Your project started in August 2022. Can you share some insights from the data you’ve collected so far?

Bagherzadeh Azbari: We’re working on a paper right now, so I can’t reveal too much. But I can say that our data from Berlin shows that aesthetics in the city – such as beautiful buildings and art – have a significant impact on emotional well-being, alongside the well-documented benefits of green spaces. This is a new and exciting finding for us.

Has this kind of study been done before?

Bagherzadeh Azbari: While there are other studies on the impact of urban living on mental health, our project stands out for a number of reasons. Starting in September, we will be conducting the study internationally with a new version of the app. We’ll start our research in the very densely populated city of Bangalore, India, to see if our Berlin findings can be replicated. Also, our study duration there will be seven days, shorter than the usual 14 days for such assessments, and this will keep participants engaged and give us plenty of data. Also, we’ll be presenting the app in five languages to accommodate a variety of users.

Traditional laboratory settings cannot fully replicate the immediacy and variability of real-life experiences.

Dr Shadi Bagherzadeh Azbari

You mentioned a new version of your app coming out in September. What can participants expect?

Bagherzadeh Azbari: We’ve learned a lot from our pilot phase. The new app design will have a more user-friendly layout, and a progress bar to show participants how far along they are. We’ve also streamlined the questions to make them easier to answer in the moment, which is crucial for assessment methodology.

Why is this participation in the moment so important?

Bagherzadeh Azbari: This method allows us to capture how people feel in real time, and how their urban environment influences those emotions. Traditional laboratory settings cannot fully replicate the immediacy and variability of real-life experiences, so it’s important for our study to make participation easy and engaging. For this purpose, our volunteers will be citizen scientists who will assist us throughout this process.

Citizen scientists will also be asked to participate three times a day.

Bagherzadeh Azbari: The app will notify the volunteers at the right time to check in. Checking in three times a day will give us a richer, more diverse set of data. It helps us understand how emotions fluctuate throughout the day and in different environments, using GPS data to create maps. For example, we want to understand whether people feel happier or less anxious when they are in a park surrounded by nature, such as Körnerpark, compared to a crowded urban area, such as Alexanderplatz.
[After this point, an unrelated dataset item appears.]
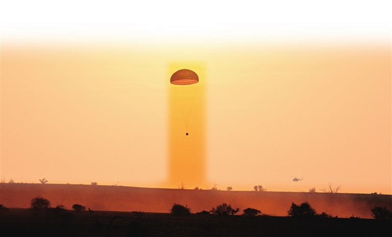 众人纷纷抬头仰望,只见一个红色的降落伞正从高空缓慢下降。“快看,是返回舱!”挂着神舟十六号载人飞船返回舱的降落伞越降越低,人们看得也越来越清晰。湛蓝的天幕下,红白相间的巨大降落伞在初升红日的照耀下分外鲜明,大家纷纷掏出手机、相机记录下这难得的瞬间。

We look at areas where people report more positive or negative emotions and identify the environmental factors involved. We might find that aesthetically pleasing environments correlate with positive emotions, while crowded or isolated areas correlate with anxiety.

How do you ensure the security of the participants’ data?

Bagherzadeh Azbari: Data security is a top priority. We collect basic demographic information and handle it with the utmost care, following the strict confidentiality protocols that the Charité applies. There’s no link between the data and personal details, and only two researchers on the project have access to the data. And, of course, we adhere to strict European data protection standards. We want all participants to feel secure.

How many citizen scientists do you need for your study?

Bagherzadeh Azbari: Our goal is to collect data from 20,000 participants. This will give us a robust dataset to compare different cities with one another and to draw meaningful conclusions. We currently need more volunteers to act as our citizen scientists. We think Berlin has the capacity for this.